No Maps on My Taps is a 1979 American documentary film directed by George Nierenberg. The film recounts the history of tap dancing in America through the lives of three influential tap dancers, Chuck Green, Howard Sims, and Bunny Briggs, and showcases their dancing skills in a historic live performance at Smalls Paradise nightclub in Harlem.

The film is a wistful tribute to the careers of the performers and to an art form that at the time of filming seemed to be waning. According to a review in The New Yorker, "Ironically, “No Maps on My Taps,” whose participants regarded it as an elegy, helped to start a tap revival in the eighties. The film was shown in festival after festival. Its stars travelled with it and danced, live, after the screenings."
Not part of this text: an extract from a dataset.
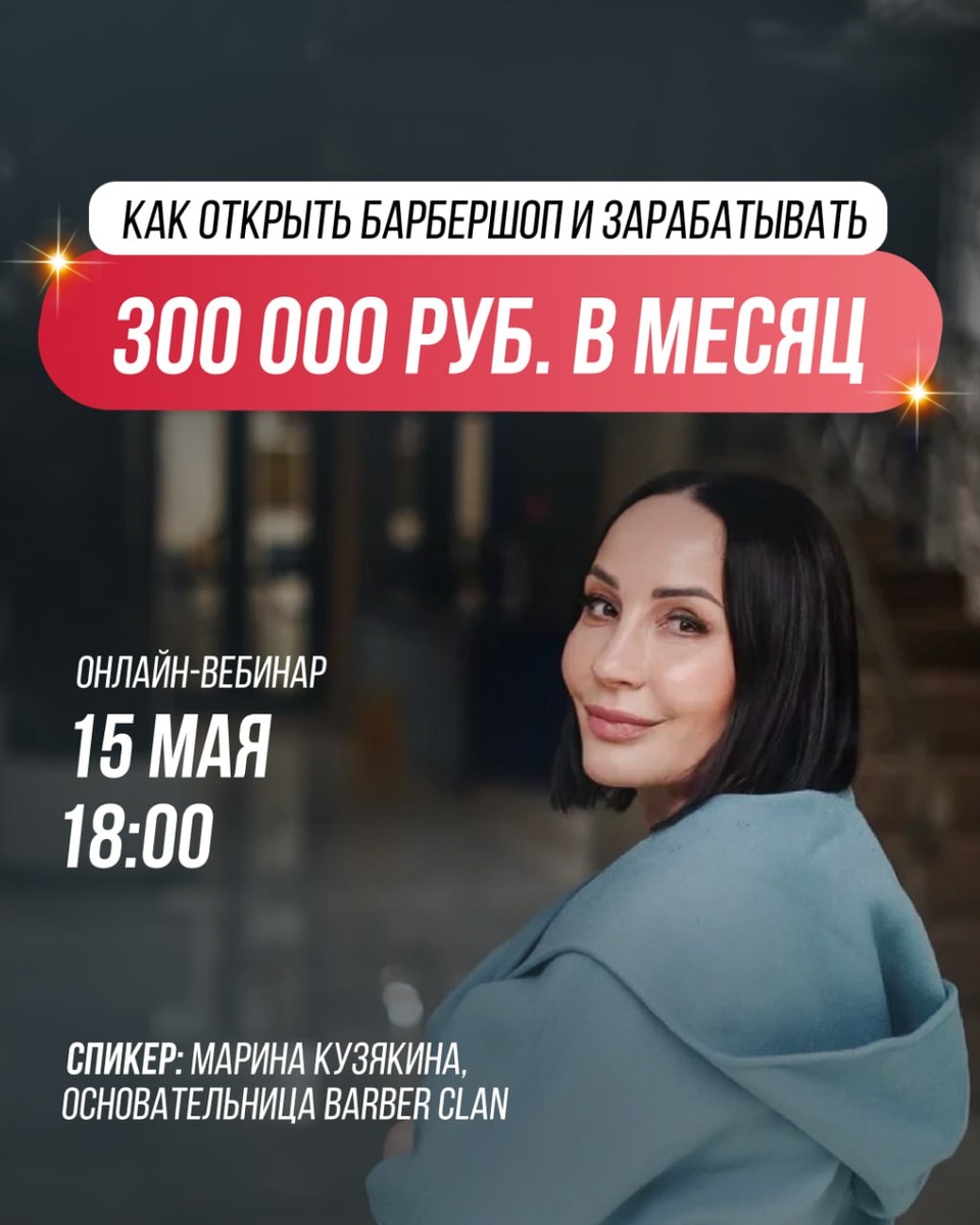 Привет, друзья! Уже 15 мая пройдет значимое для нас бизнес-событие и если вы хотите сделать X2 в доходе, пропускать его просто НЕЛЬЗЯ! Готовьтесь записать в календарь участие в онлайн-вебинаре с самой Мариной Кузякиной – основательницей федеральной франшизы Barber Clan на тему: Как открыть барбершоп и зарабатывать от 300 000 ₽ в месяц! 👏 Вы узнаете: – Как работает концепция экспресс-барбершопов Barber Clan – Какие шаги нужно сделать, чтобы начать свое дело – Как партнеры Barber Clan зарабатывают от 300 000 ₽ в месяц и более – Почему такая идея стала успешной по всей стране И главное – можешь задать абсолютно ЛЮБОЙ интересующий вопрос Марине лично! В прямом эфире она даст четкий и понятный ответ каждому участнику. ❗️ Почему пропускать НЕЛЬЗЯ НИКОМУ? Потому что повторений точно не будет, запись тоже не оставим – мы ценим ваше внимание и делаем такие мероприятия уникальными и живыми! 🖤 Когда? 15 мая в 18:00 Где? На платформе GetСourse. Регистрация по ссылке: https://docs.google.co

The film won Lionel Hampton a News and Documentary Emmy Award for Outstanding Musical Direction in 1981.

==Structure==
The dancers all recount their biographies and influences while rehearsing for a gala performance at a nightclub. Scenes of the performers dancing and kidding each other are interspersed with archival images and film footage of their early days. Also shown are archival film scenes featuring performances by John W. Bubbles and Bill Robinson. The film ends with a climactic dance-off in front of a live audience, with music provided by a jazz band fronted by Lionel Hampton.